This tutorial will show you how to set up and start an FL experiment to train ShuffleNet on the FEMNIST dataset using FedScale.
Check the instructions to set up your environment and instructions to download the FEMNIST dataset.
Please make sure you are using the correct environment.
conda activate fedscale
Go to benchmark/configs/femnist/
directory and modify/create your configuration file to submit your job.
Modify the configurations such as the number of participants per round, the aggregation algorithm, the client optimizer, the training model, etc. based on your need.
Use fedscale driver submit [conf_yml_path]

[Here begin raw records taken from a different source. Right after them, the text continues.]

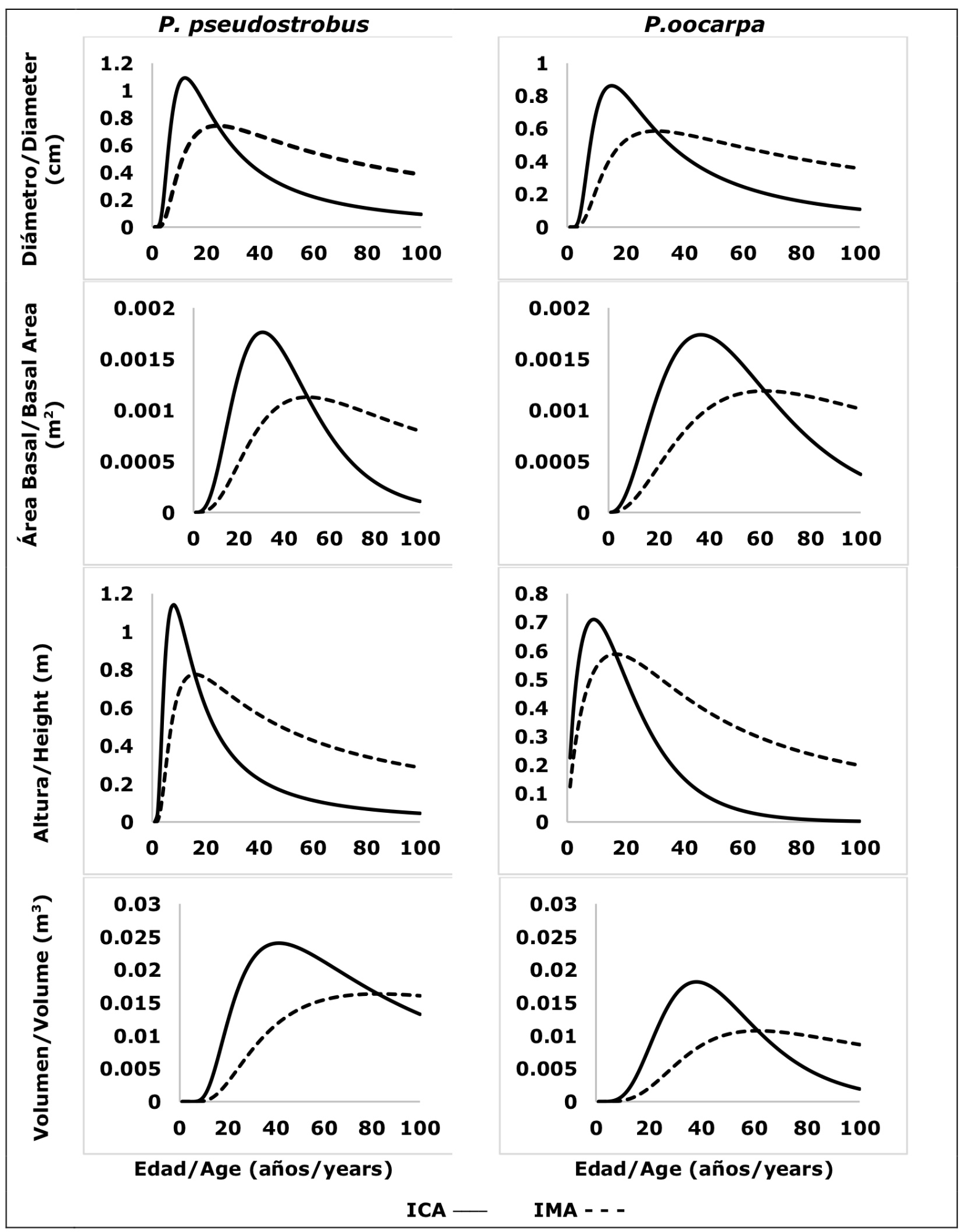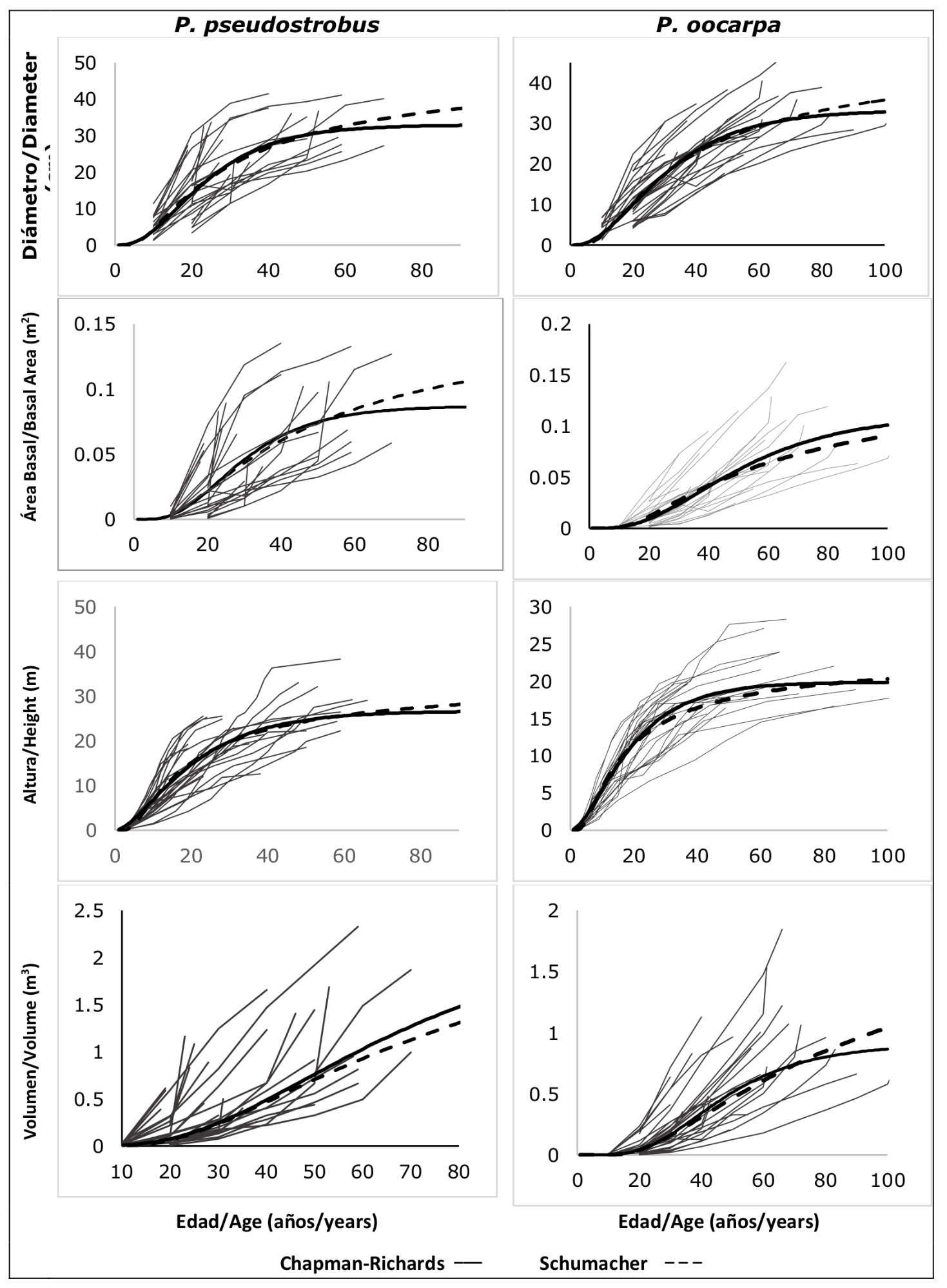 Sin embargo, al considerar el nivel de significancia de los estimadores de los parámetros (<0.05), se desestimó el modelo de Weibull para predecir el crecimiento en diámetro, área basal, altura y volumen en Pinus pseudostrobus, y del crecimiento en área basal y volumen para Pinus oocarpa. De manera similar, los modelos de crecimiento en volumen de Chapman-Richards y Hossfeld I mostraron parámetros no significativos en Pinus pseudostrobus. Para esta especie, solo el modelo de Schumacher registró estimadores de los parámetros significativos en las cuatro variables de crecimiento estudiadas. En relación con Pinus oocarpa, todos los estimadores de los modelos de Chapman-Richard, Hossfeld I y Schumacher fueron significativos (Pr<0.0001) en las cuatro variables estudiadas. Con base en el contexto anterior, la valoración gráfica en la estimación del crecimiento de cada variable por especie, realizada con los modelos cuyos parámetros fueron todos significativos permitió definir al mejor modelo.
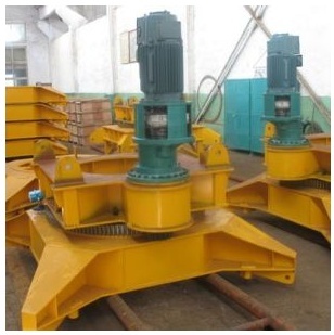 4)行走機(jī)構(gòu)。由行走臺(tái)車(chē)和驅(qū)動(dòng)裝置組成。四個(gè)雙輪臺(tái)車(chē)裝在擺動(dòng)支腿的端部,并可繞垂直軸轉(zhuǎn)動(dòng)。其中兩個(gè)帶有行走動(dòng)力的臺(tái)車(chē)布置在軌道的同一側(cè),電機(jī)通過(guò)液壓耦合器和行星擺線針輪減速器及一對(duì)開(kāi)式齒輪驅(qū)動(dòng)車(chē)輪。行走機(jī)構(gòu)和回轉(zhuǎn)機(jī)構(gòu)的電動(dòng)機(jī)與減速器之間用液力耦合器連接,運(yùn)動(dòng)比較平穩(wěn)。
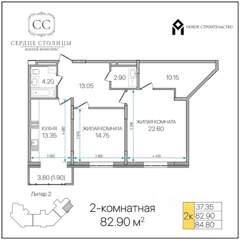 • ✅ Минимальная площадь: 37,4 м²
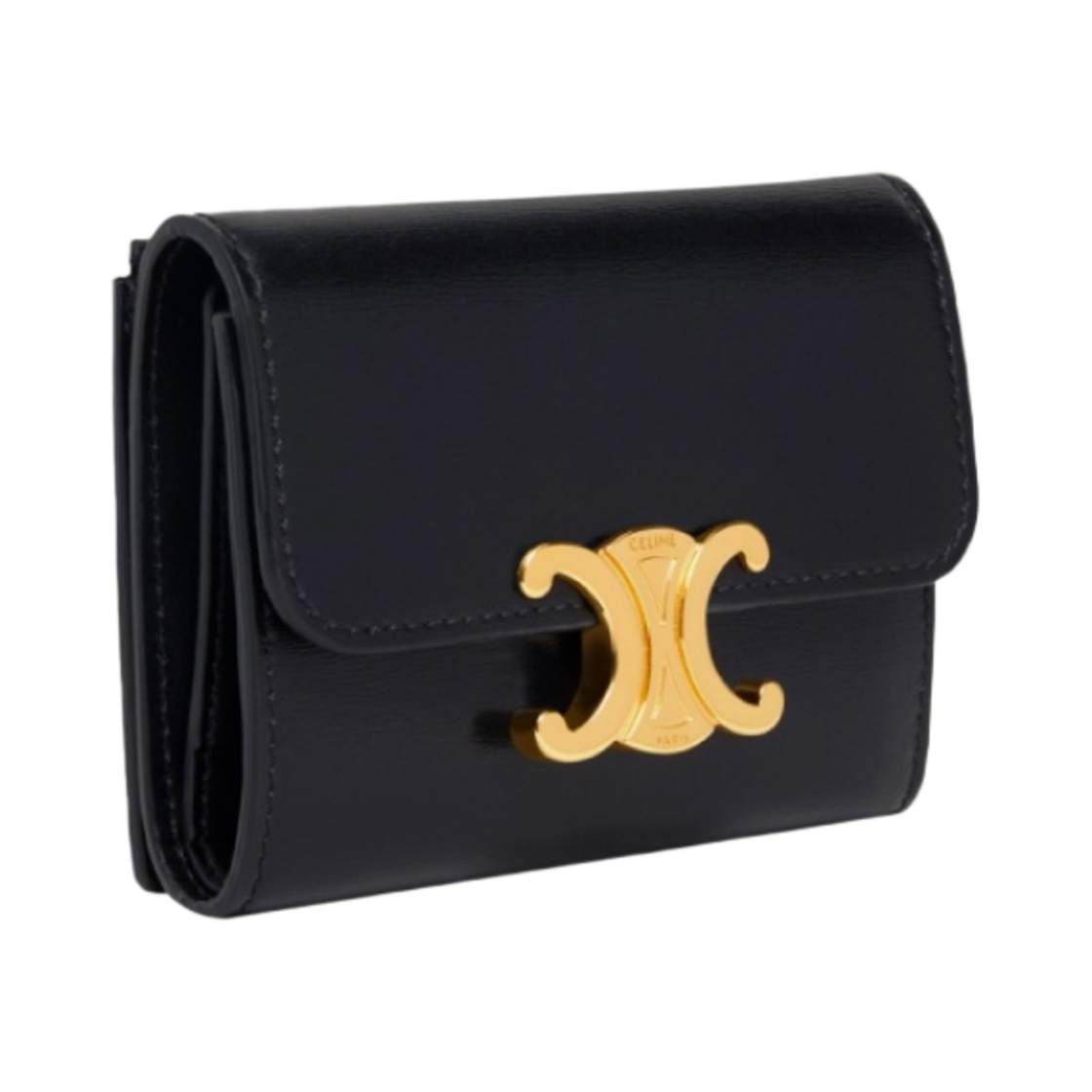 Celine Compact Wallet with Coin Triomphe in Shiny Calfskin Black
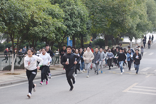 据了解,“前进2018”新年环校跑活动由校团委、保卫处、后勤服务总公司主办,校学生会、教工团总支承办。活动旨在着眼新时代全民健身发展内涵的深刻变化,让运动成为习惯、成为时尚,进一步掀起阳光体育运动和“三走”活动的新高潮,以更好的精神面貌迎接新一年的到来。
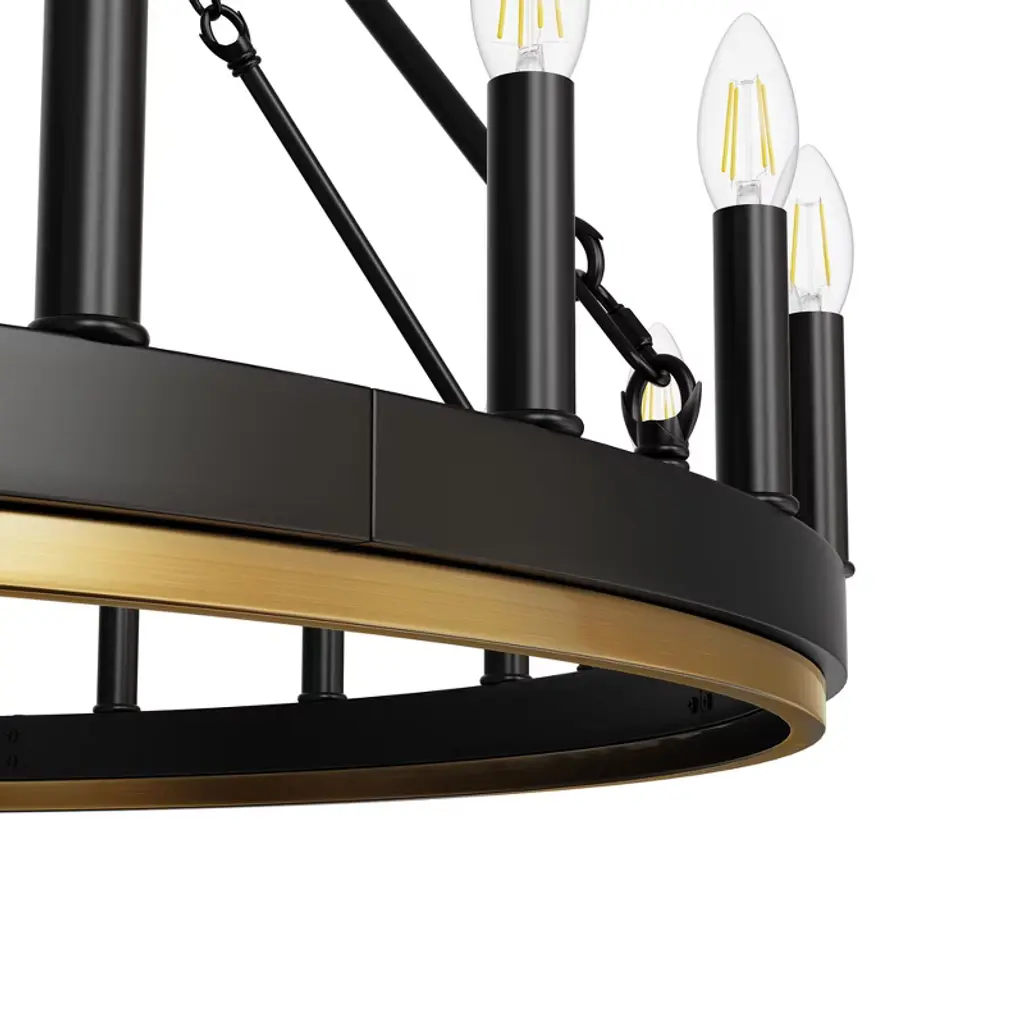 Doresshop 24-light Black And Gold Wagon Wheel Chandelier, Single Tier, E12 Sockets, Non-integrated Bulbs, Rustic Farmhouse Style

(Or python docker/driver.py submit
) to submit your FL job. It will automatically launch the aggregator.py
and executor.py
to start the FL evaluation.
You can either choose to evaluate your large-scale FL experiment over a GPU cluster or test your code on your local machine.
To stop your job:
fedscale driver stop [job_name]
# Or python docker/driver.py stop [job_name] (specified in the yml config)
It is more convenient to first test your code without a GPU cluster.
First add an argument - use_cuda: False
under job_conf
in your configuration file benchmark/configs/femnist/conf.yml
if you are training without using any GPU.
Set ps_ip
and worker_ips
to be localhost
and localhost:[x]
by default, where x represent how many executors you want to run on your local machine.
Then run the following command to start your FL job:
python driver.py start benchmark/configs/femnist/conf.yml
We also provide jupyter notebook examples to run your code locally. You can first start running server, and then run the client.
Once you have followed the instructions to set up your experiment cluster, you will be able to submit your FL job to the cluster!
Change ps_ip
and worker_ips
to the host name of your nodes in the configuration file by cat \etc\hosts
.
For example, set 10.0.0.2:[4,4]
as one of the worker_ips
means launching 4 executors
on each of the first two GPUs on 10.0.0.2
to train your model in a space/time sharing fashion.
Make sure the node you submit the job has access to the computation nodes. Also make sure you have synchronized the code across all the nodes. Then run the following command to submit your FL job:
fedscale driver submit [conf_yml_path]
# Or python docker/driver.py submit benchmark/configs/femnist/conf.yml
You can find the job logging job_name
under the path log_path
specified in the conf.yml
file. To check the training loss or test accuracy, you can do:
cat job_name_logging |grep 'Training loss'
cat job_name_logging |grep 'FL Testing'
You can also use Tensorboard to better visualize the progress.